История России с древнейших времен. Том 8. От царствования Бориса Годунова до окончания междуцарствия - Сергей Соловьев
Шрифт:
Интервал:
Закладка:
Шуйский с торжеством возвратился в Москву, как будто после завоевания царства; собственно говоря, поход Шуйского был важнее завоевания многих царств, потому что поражение шаек Болотникова было поражением противуобщественного начала, но подвиг был не кончен и потому был бесполезен. Шуйскому не следовало бы возвращаться в Москву: ему надобно было воспользоваться своим успехом, двинуться на самозванца и его истреблением упрочить себя на престоле. Но мы должны взять во внимание тогдашнее состояние войска, не позволявшее удерживать его долго под оружием, и в какое время года? В глубокую осень; помещиков должно было распустить по домам до зимнего пути. Спешить, казалось, было не для чего: самозванец находился сначала в очень незавидном положении.
Набрав тысяч до трех войска, Лжедимитрий пошел под Козельск и там, напав врасплох, разбил отряд царских войск. Но когда оттуда возвращался в Карачев, то литовцы захотели уйти у него с добычею, взятою под Козельском, и начали волноваться. Самозванец испугался и ушел от них с небольшим отрядом людей, на которых совершенно полагался, и засел в Орле.
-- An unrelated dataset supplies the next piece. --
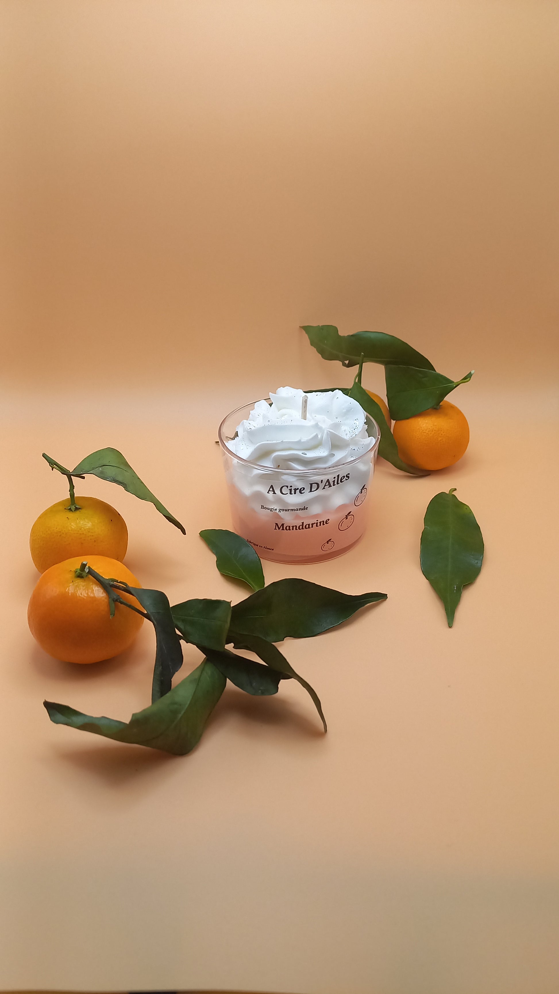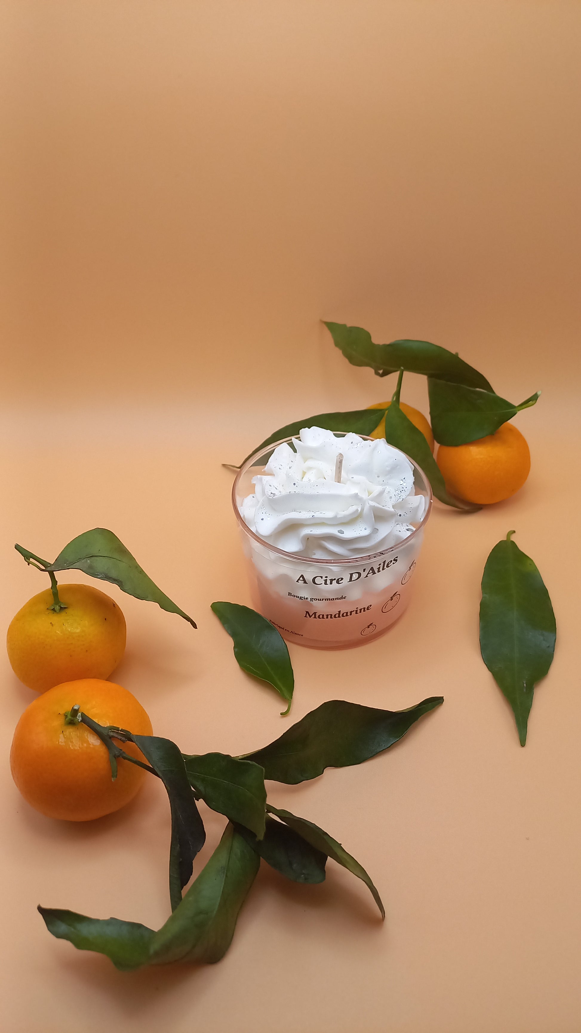 Bougie parfum mandarine avec sa chantilly pailletée.

Но и здесь сильно трусил, особенно после покушения убить его ночью. Меховецкий не знал сначала, куда девался царь, потом, узнав, что он в Орле, послал к нему с просьбою возвратиться, потому что одно его присутствие может удержать войско. Лжедимитрий возвратился, но, видя, что войско не перестает волноваться, снова украдкою выехал по дороге в Путивль. Тут он встретил Валавского, который из киевской Украйны шел к нему от князя Романа Рожинского с тысячью человек; потом встретил Тышкевича с 1000 человек поляков, князя Адама Вишневецкого, знаменитого Лисовского и других. По совету Лисовского Лжедимитрий пошел осаждать Брянск, на подмогу к которому спешили воеводы, князья Куракин и Литвин-Мосальский. Последний пришел 15 декабря к Десне, которая отделяла его от города; несмотря на позднее время, река еще не стала, лед шел по ней большими глыбами. Жители Брянска, видя, что ратные люди остановились за льдом, кричали им: „Помогите! Погибаем!“ Ратные люди, слыша это, сказали: „Лучше нам всем помереть, нежели видеть свою братию в конечной погибели; если помрем за православную веру, то получим у Христа венцы мученические“. Взяв прощение друг у друга, они начали метаться в реку и поплыли. Ни лед, ни стрельба с другого берега, где стояли осаждающие, не остановили их, и они благополучно добрались до города: ни один человек и ни одна лошадь не погибли. Вслед за Мосальским пришел и князь Куракин. Не надеясь отбиться от Лжедимитрия, он отступил, снабдив Брянск продовольствием, и засел в Карачеве; Лжедимитрий, не надеясь взять этого города, пошел на знмовку в Орел.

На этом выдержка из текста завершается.